The following figure is an example of the random Pod name generated when the Session is created.
Now, we can use the following kubectl
commands to navigate to the Pod and look into the detail of this Pod. First you have to use root user to log in to CDSW Master node.

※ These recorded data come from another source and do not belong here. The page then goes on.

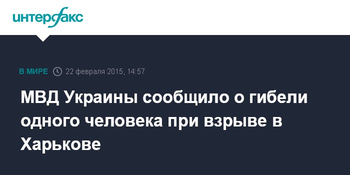 Москва. 22 февраля. INTERFAX.RU - В результате взрыва во время шествия в центре Харькова в воскресенье погиб один человек, сообщили "Интерфаксу-Украина" в пресс-службе министерства внутренних дел Украины.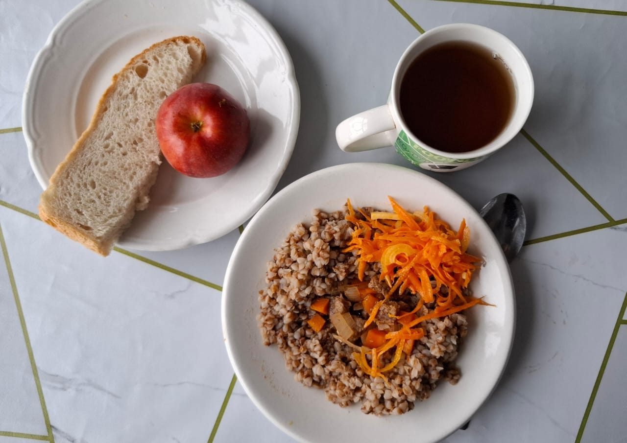 Жасыл көкөністер мен құс еті қосылған қарақұмық ботқасы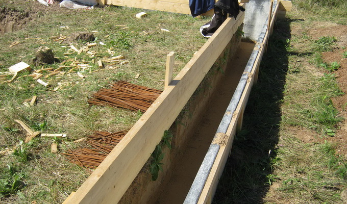 2. Затем по контуру сооружается опалубка из досок, в которую заливается бетонный раствор. Деревянные элементы опалубки следует скрепить кольями. Так они не разойдутся во время заливки раствора. По верхнему краю их следует соединить деревянными планками. Чтобы жидкий бетонный раствор не вытекал из щелей опалубки, ее внутреннюю поверхность нужно выстелить пленкой.

kubectl get pods --all-namespaces | sed -rn '1p;/74n46954jqzve46c/Ip'
Sample output:
NAMESPACE NAME READY STATUS RESTARTS AGE
default-user-1 74n46954jqzve46c 3/3 Running 0 58m
kubectl --namespace=default-user-1 describe pod 74n46954jqzve46c
Sample output:
Name: 74n46954jqzve46c
Namespace: default-user-1
Priority: 0
Node: host-10-17-103-219/10.17.103.219
Start Time: Wed, 16 Jun 2021 16:11:58 +0000
Labels: ds-role=session
ds-runtime=74n46954jqzve46c
livelog-published-container=engine
Annotations: cluster-autoscaler.kubernetes.io/safe-to-evict: false
seccomp.security.alpha.kubernetes.io/allowedProfileNames: runtime/default
seccomp.security.alpha.kubernetes.io/defaultProfileName: runtime/default
Status: Failed
Reason: Evicted
Message: Pod The node was low on resource: [DiskPressure].
...
Please pay attention to the status
, reason
and message
above.
Step-2: Use kubectl describe node
to view the status of all the nodes.
At this time, if we use kubectl desscribe node to view the details of all nodes, we will find a situation similar to the following screenshot:
Step-3: Verify the kubelet process argument.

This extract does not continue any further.